- [Work to complete] Exactly the lines below, starting with the one containing "先ほどのセクションで紹介した" and going on through the one containing "尽管一直在帮助客户进行IPv", must be reproduced, both ends included, and no pictures with them.
[[ Material for this exercise open ]]
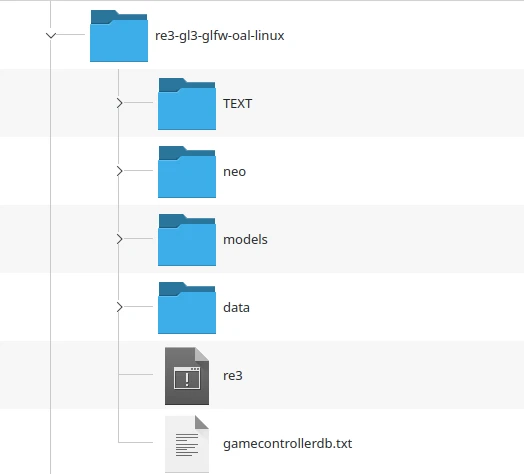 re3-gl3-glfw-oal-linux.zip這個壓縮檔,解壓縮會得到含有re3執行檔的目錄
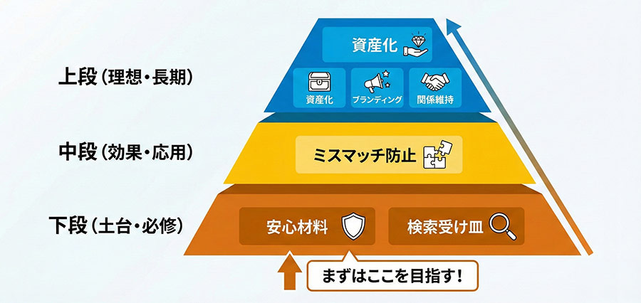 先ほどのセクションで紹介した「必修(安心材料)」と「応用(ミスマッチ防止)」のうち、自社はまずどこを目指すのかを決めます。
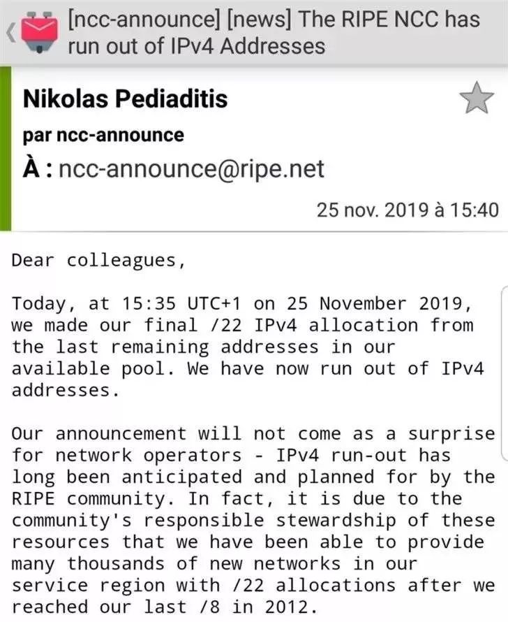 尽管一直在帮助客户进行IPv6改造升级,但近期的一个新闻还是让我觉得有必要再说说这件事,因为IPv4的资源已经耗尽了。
[[ Material for this exercise closed ]]
[[ Material for this exercise open ]]
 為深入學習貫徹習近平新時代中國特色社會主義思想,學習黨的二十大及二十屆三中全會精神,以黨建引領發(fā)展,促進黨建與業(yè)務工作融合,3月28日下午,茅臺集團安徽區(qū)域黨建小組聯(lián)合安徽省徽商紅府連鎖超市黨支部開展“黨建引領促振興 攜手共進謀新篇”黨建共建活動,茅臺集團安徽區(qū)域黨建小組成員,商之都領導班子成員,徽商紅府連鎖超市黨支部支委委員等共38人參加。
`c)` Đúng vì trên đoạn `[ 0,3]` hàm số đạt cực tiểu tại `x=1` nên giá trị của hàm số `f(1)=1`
[[ Material for this exercise closed ]]
[[ Material for this exercise open ]]
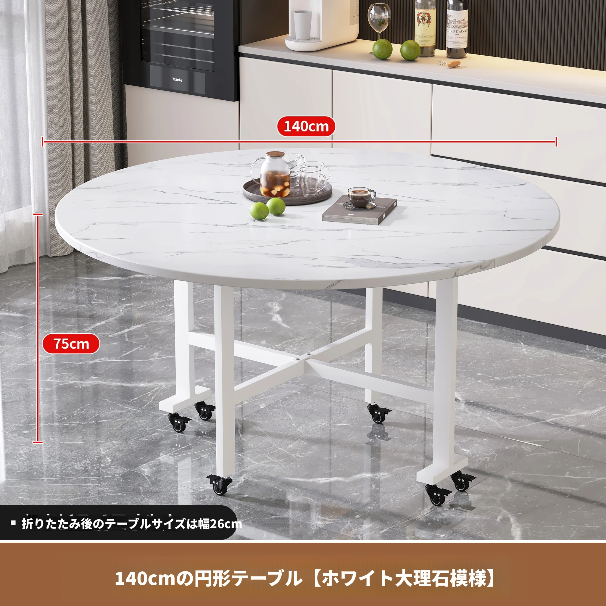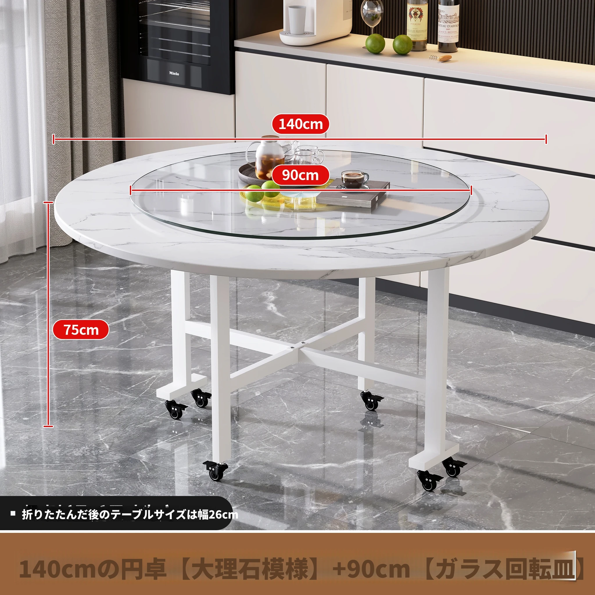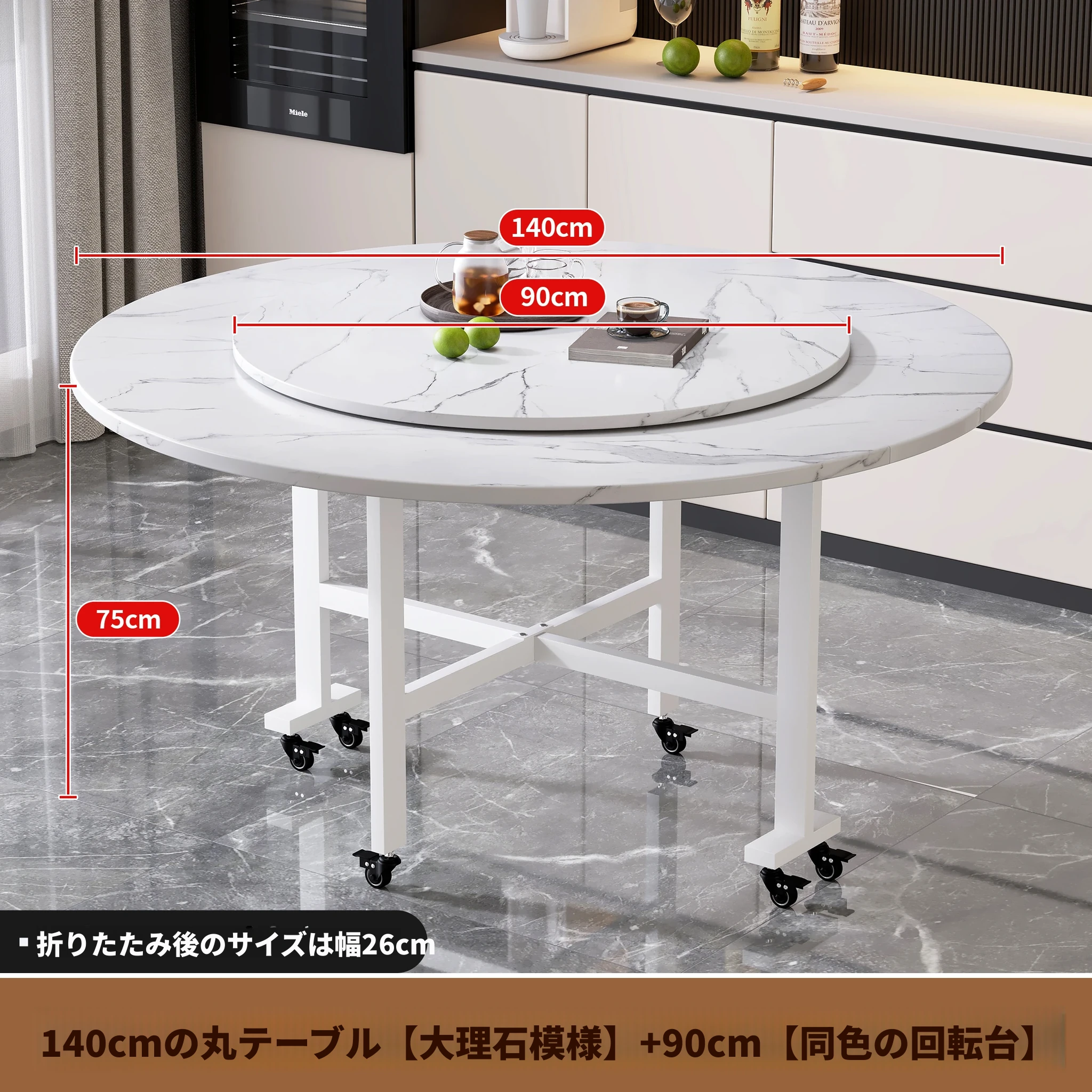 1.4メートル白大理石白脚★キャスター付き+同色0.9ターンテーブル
[[ Material for this exercise closed ]]
- [Completed exercise]
 先ほどのセクションで紹介した「必修(安心材料)」と「応用(ミスマッチ防止)」のうち、自社はまずどこを目指すのかを決めます。
 尽管一直在帮助客户进行IPv6改造升级,但近期的一个新闻还是让我觉得有必要再说说这件事,因为IPv4的资源已经耗尽了。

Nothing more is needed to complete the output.